In this paper, we propose a customized brachytherapy stylet with integral micro tracking coils. The working principle of active tracking coils under MRI is also presented. Detailed experimental evaluation of the customized stylet was conducted to ensure precise and safe navigation under various insertion conditions, posing a high potential for clinical testing and use in gynecologic brachytherapy guided by intraoperative MR images.

II. Methods

A. Brachytherapy System Setup

Fig. 1 shows the standard device for needle placement in interstitial gynecologic brachytherapy. The placement starts with insertion of a vaginal obturator into the patient against the vaginal apex. The Syed-Neblett template (Best Medical International Inc., Springfield, VA, USA), which fits over the obturator, is sutured to the patient’s perineal skin at its four corners. The template is made of plastic and contains a grid of 5-mm holes, through which multiple interstitial needles can be inserted into the treatment region. The interstitial needle is a hollow plastic tube with a sealed sharp tip (ProGuide Needles, Nucletron Co., Veenendaal, Netherlands). An MR compatible stylet made of a tungsten alloy is placed inside the interstitial needle to provide sufficient mechanical strength during the insertion. After the proper placement of the needles, the active tracking stylets are withdrawn, and radioactive sources can be pushed into the hollow needles by a computer-controlled machine. The stylet is covered by the interstitial plastic tube (the catheter) during the brachytherapy procedure. Note that both the customized stylet and the micro-tracking coils will not make contact with human tissue, which significantly reduces risk. In addition, the styles can be sterilized using Ethylene Oxide (ETO) sterilization, and used multiple times.

Fig. 1.

Fig. 1

Applicators for MR-guided gynecologic brachytherapy. The dimensions of the template are 10.7×7 (L×W) cm2 with thickness of 1.5cm; the obturator is: 15-cm long with diameter of Ø2.2cm.

B. Stylet fabrication

Multiple micro-coils are mounted along the stylet with medical device adhesive (Henkel, Dusseldorf, Germany), in order to achieve active MR tracking of the distal needle shaft. Two or three grooves (10-mm long and 0.45-mm deep) for integrating microcoils and a thin slot for channeling micro-coaxial cable were carved onto the surface of the stylet (Fig. 2). The micro-coaxial cables (Ø0.13mm) were routed inside the slot along the stylet’s shaft in order to connect the microcoils with the MR receiver system. Note that the tungsten alloys were classified as hard brittle materials; therefore a 4-mm chamfer was used instead of a sharp edge at both ends of each groove to reduce the risk of stylet breakage at the machined slots.

Fig. 2.

Fig. 2

(A) Setup of the clamping mechanism for the fabrication of the groves in the tungsten stylet; (B) Schematic diagram of the clamping mechanism on the milling table; (C) Detailed view of the coil integrated on the groove of the stylet; (D) The white arrows denoted 4 chamfer on the fabricated stylet in the curve of 4-mm radius.

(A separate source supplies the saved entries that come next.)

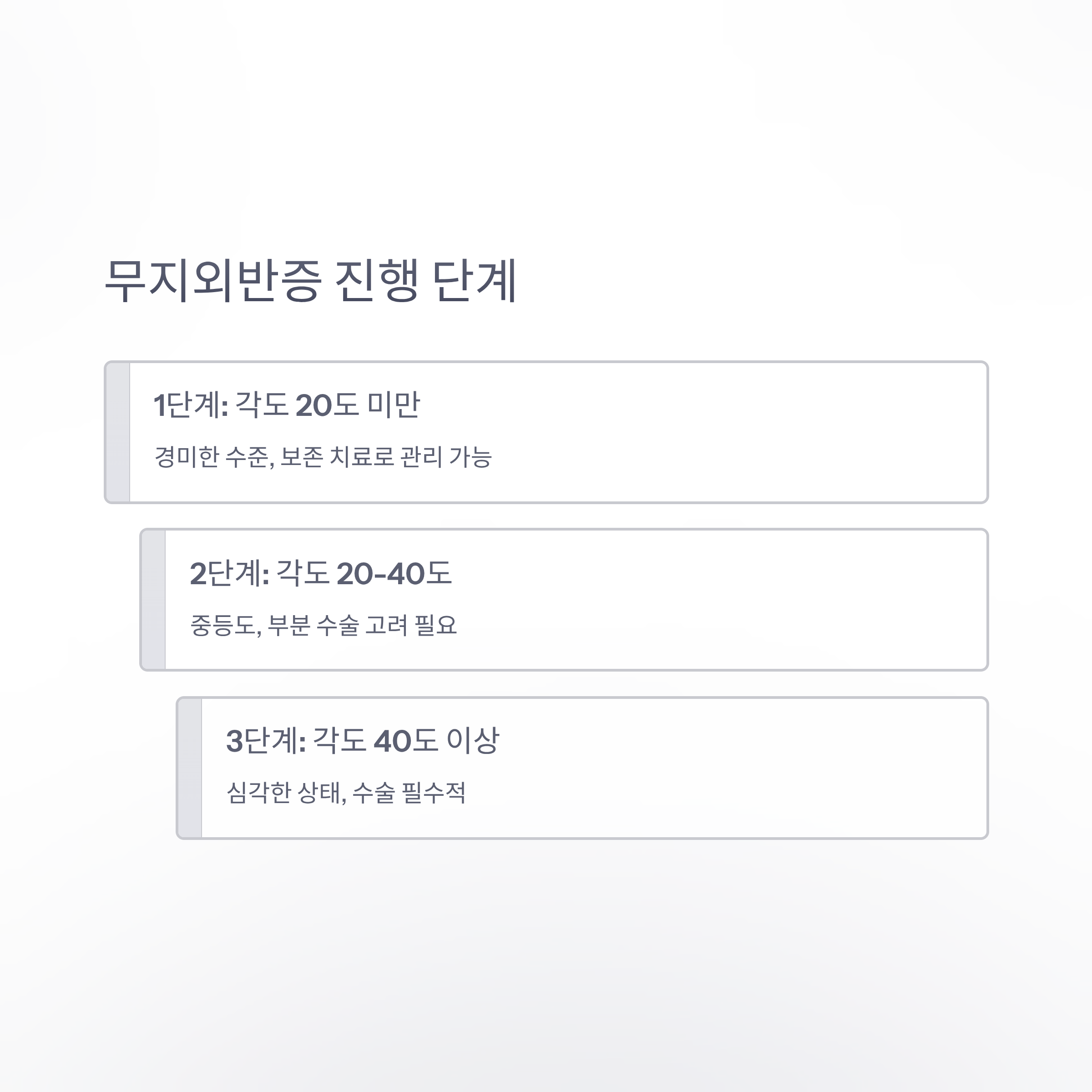 3단계: 각도 40도 이상 (심각, 수술 필수)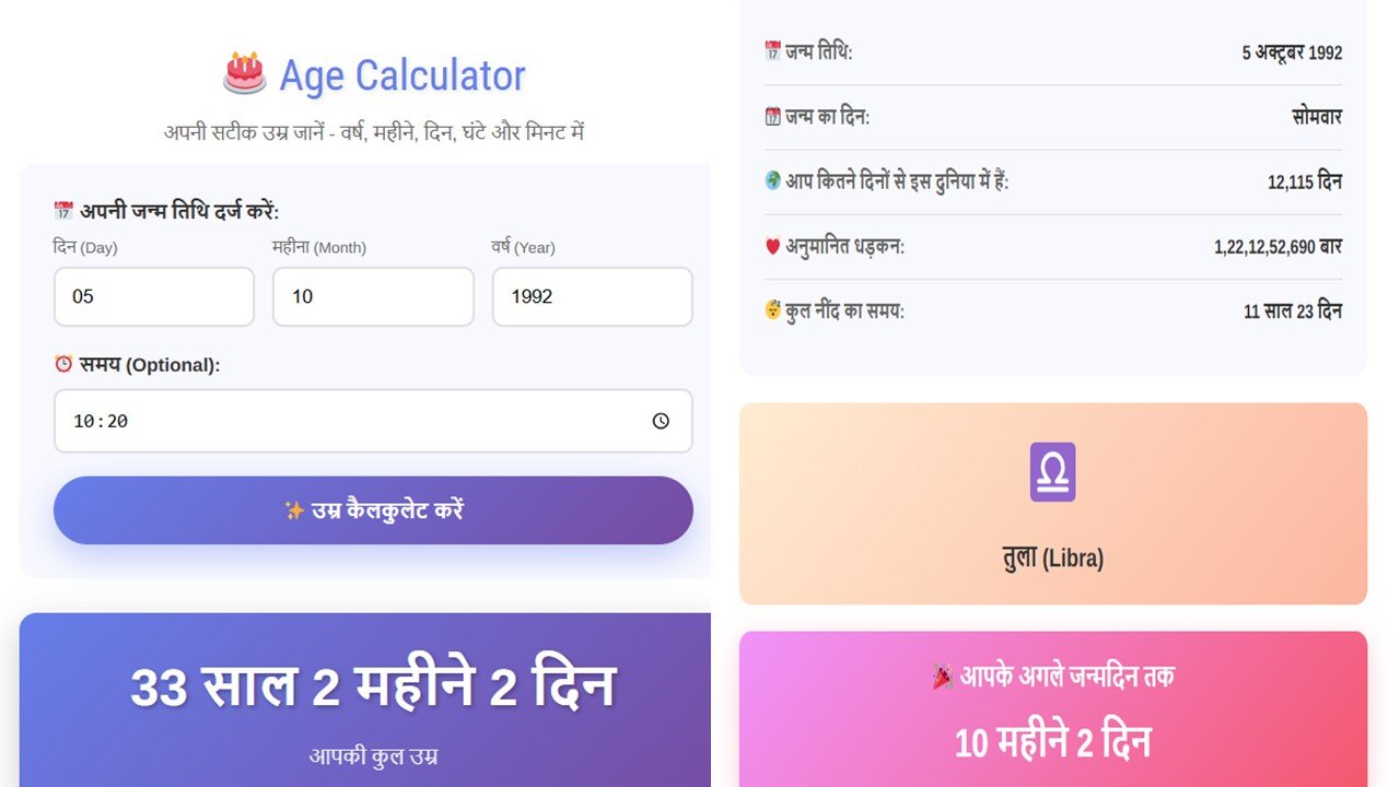 इसीलिए मैंने एक simple और accurate age calculator बनाया है जो आपकी सारी problems solve कर देता है।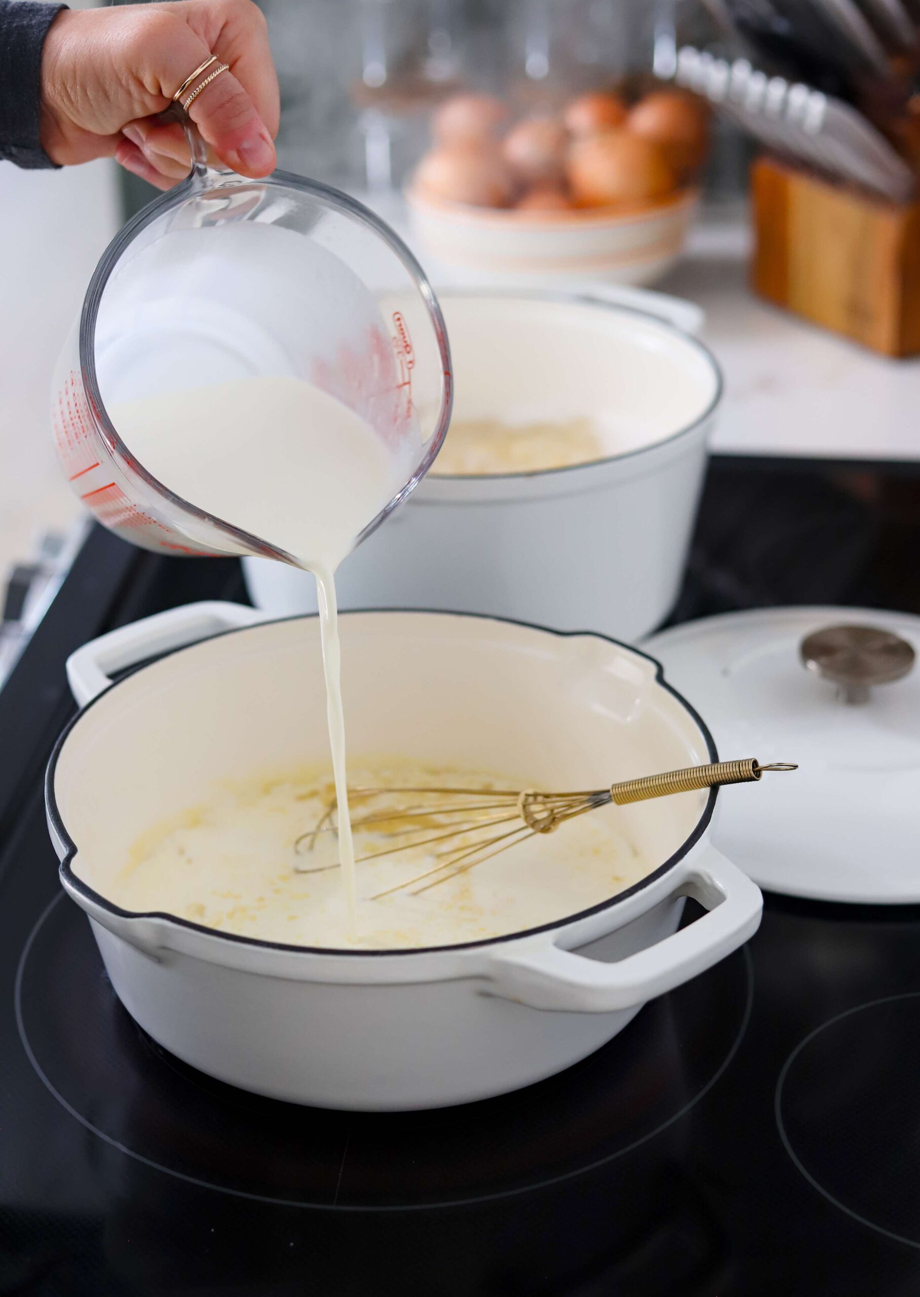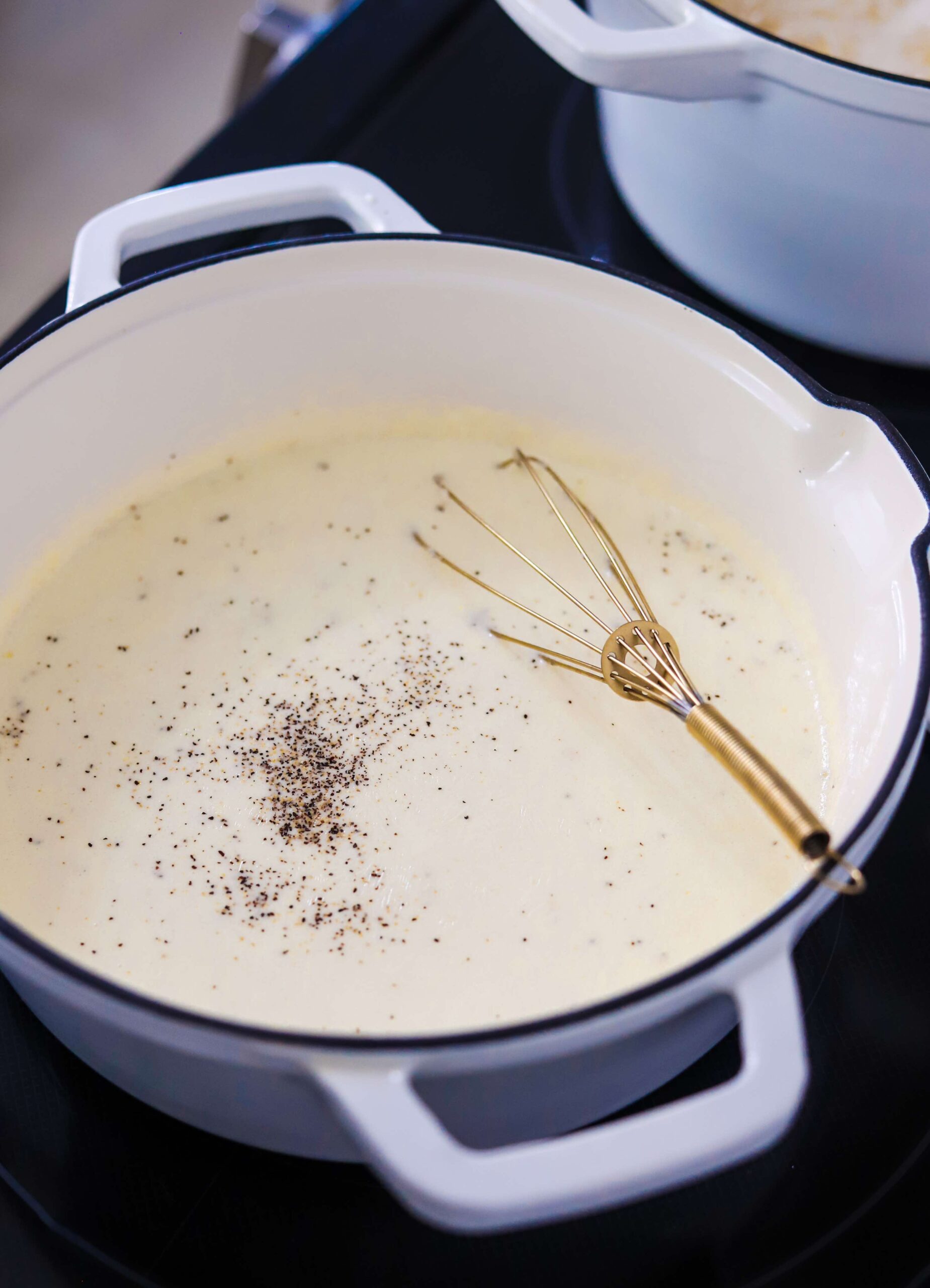 - Whisk in 1 1/2 cups of whole milk and 1 1/2 cups of heavy cream and season with a teaspoon of salt, 1/4 teaspoon of black pepper and the optional dijon mustard and hot sauce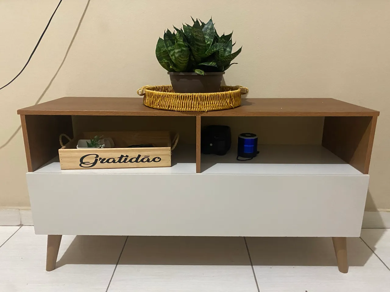 rack possui 2 prateleiras abertas e 1 compartimento com porta altura: 67,5 cm largura: 97 cm comprimento 30 cm aceito proposta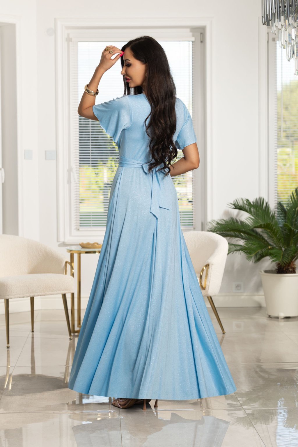 Elegantné dlhé bledomodré spoločenské šaty z trblietavej látky pôsobia luxusne. Výstrih do V, motýlie rukávy a dizajn s opaskom a gumičkou v páse krásne tvarujú postavu a dodávajú pohodlie, zatiaľ čo rozparok zvýrazní ženskosť. Ideálne na stužkovúples, svadbu, oslavu či večierok.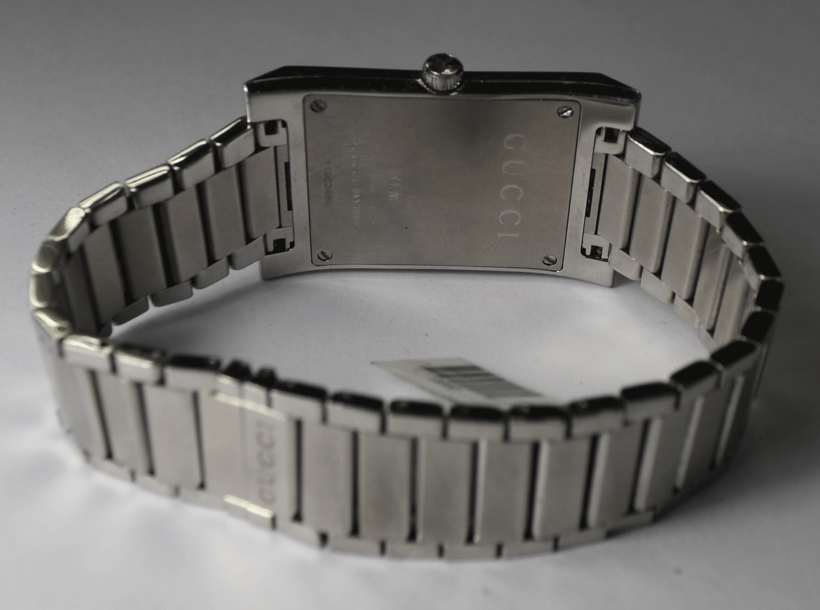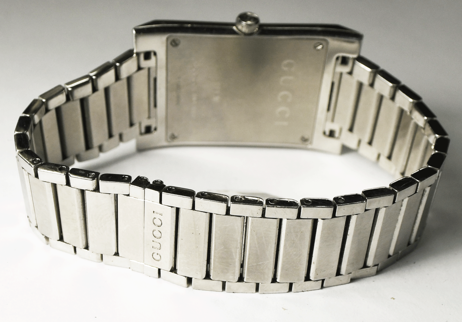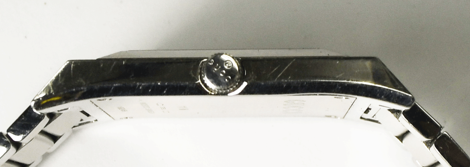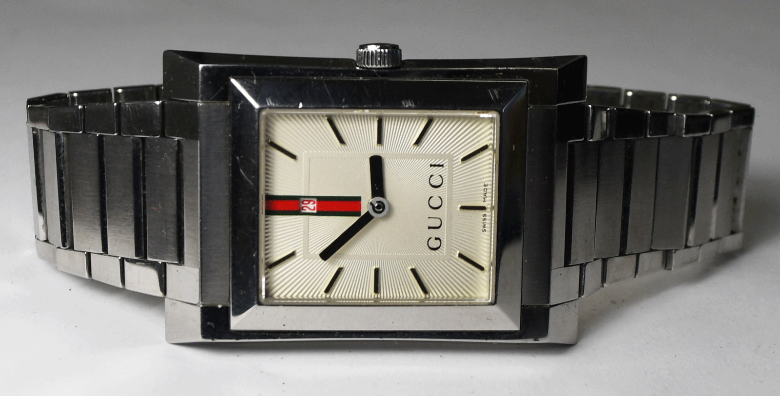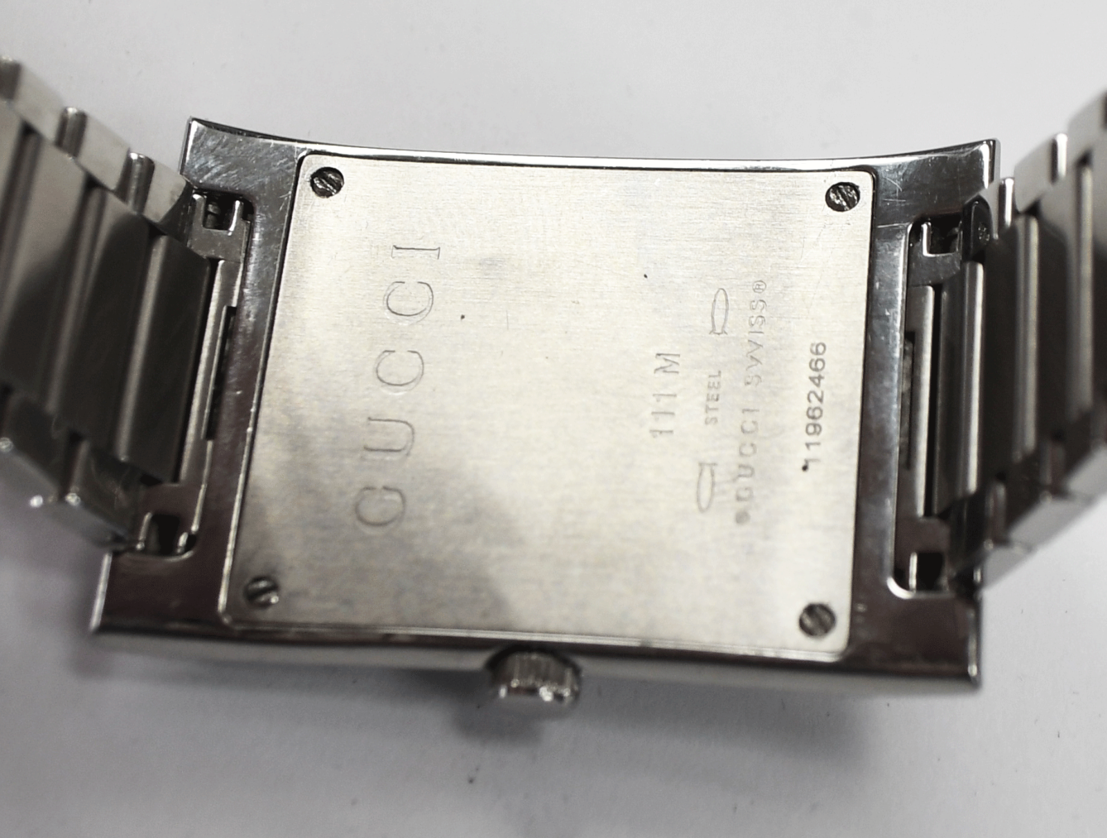 Men's Gucci 111m Silver Sunburst Dial Date 30mm Stainless 7" Wrist Rectangle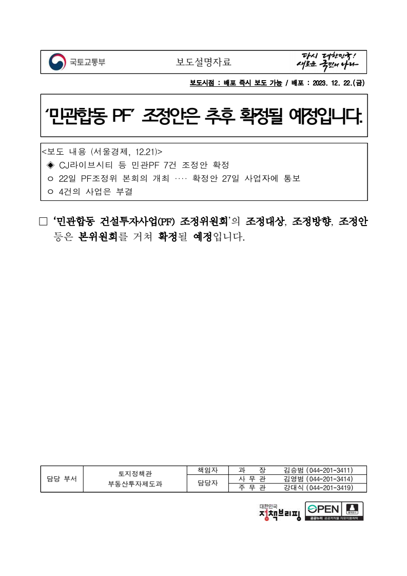 보도설명자료 보도시점 : 배포 즉시 보도 가능 / 배포 : 2023. 12. 22.(금) ‘민관합동 PF’ 조정안은 추후 확정될 예정입니다. <보도 내용 (서울경제, 12.21)> ◈ CJ라이브시티 등 민관PF 7건 조정안 확정 ㅇ 22일 PF조정위 본회의 개최 ···· 확정안 27일 사업자에 통보 ㅇ 4건의 사업은 부결 □ ‘민관합동 건설투자사업(PF) 조정위원회’의 조정대상, 조정방향, 조정안등은 본위원회를 거쳐 확정될 예정입니다. 담당 부서 토지정책관 부동산투자제도과 책임자 과 장 김승범 (044-201-3411) 담당자 사 무 관 김영범 (044-201-3414) 주 무 관 강대식 (044-201-3419)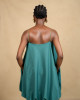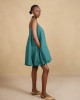 This dress is a vibrant piece with a minimalist A-line silhouette. It features thin spaghetti straps and a relaxed, balloon-shaped hem, creating a playful and airy look. The dress is designed for comfort and ease, making it a perfect choice for casual outings. The rich green hue adds a pop of color, while the simple design ensures versatility and timeless elegance.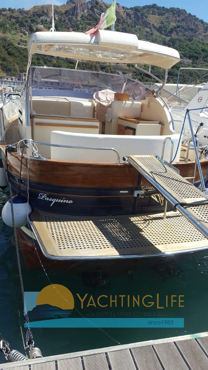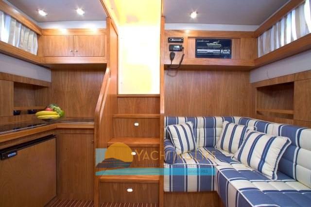 Alarme moteur, Alarme de pompe de cale, Eau sous pression, Passavant en teck, Douche de cockpit, Flaps électriques, Éclairage de courtoisie, Passerelle (idraulica), Plateforme arrière (in teak), Pompe de cale automatique, Cockpit en teck, Prise de quai, Guindeau électrique, Echelle de bain, Corne.

The main challenge in fabricating the tungsten stylet was to ensure fabrication accuracy and maintain mechanical strength of the stylet. A customized design of the clamp was used to mount the stylet firmly during the machining process (Fig. 2a-b). The clamp, consisting of two half-stylet molds made of aluminum, can be fixed onto a milling machine. The two molds were 400 mm long and can hold the full-length stylet during fabrication. Once the stylet was clamped, a two-fold machining process proceeded: 1) Two 10-mm grooves with a separation of 10 mm were milled using the Carbide End Mill (MTS-401-08, RobbJack, CA, USA); 2) a long slot with a 200×300 μm2 cross section was cut along the entire stylet shaft using a carbide saw (C12-008-16-36, RobbJack, CA, USA).

C. Micro coil design

The standard RLC electrical circuit forms the basis of the micro tracking coil. Its circuit system consists of a resistive load (R) which consumes energy, inducing a damping effect during the resonance. In practice, the resistive load mainly results from capacitive coupling into the liquid surrounding the coil, as well as inductive coupling to the metal in thestylet. The energy stored in the capacitor and inductor, both of which determine the resonance frequency of the circuit. Referring to [18], the resonance frequency of the system can be written as:

f=12πLC (1)

where L and C are the inductance and capacitance of the circuit respectively. From Eq. (1) alone, there are infinite combinations of the L and C to generate a specific resonance value. However, it is worth noting that the quality factor, acting as another important consideration of designing the RLC circuit, which can be written as

Q=1RLC (2)

The larger Q value, the more magnetic energy can be stored in the micro coil. Therefore, a trade-off between L and C needs to be made in the tuning-matching of the coil.

The microcoil was fabricated from 8 loops of copper electrical loop wires in this study. To minimize the dimension of the microcoil (8mm × 1.5mm), copper tracks were printed on the two layers of flexible printed circuit (FPC) sheet, forming the microcoil (Fig. 3a). Each layer contains a rectangular loop on both sides, and the two layers are connected in series via a plated-through hole in order to form a coil with four loops. The coil was connected to a tuning-matching circuit (Fig.3b) sealed in a box at the proximal end of the stylet through a micro-coaxial cable. The circuit was tuned to 123.183MHz, equivalent to the 3T Larmor frequency, and also matched with 50 ohm specific impedance of the microcoaxial cable (Fig. 3c).

Fig. 3.

Fig. 3

(A). Schematic diagram showing the two layers of rectangular RF coil. The arrows indicate the flow of current in the coil; (B). circuit diagram of the tuning and matching circuit; (C). The resonance frequency of the micro coil is found at 123.183MHz (the Siemens 3T MRI Larmor frequency)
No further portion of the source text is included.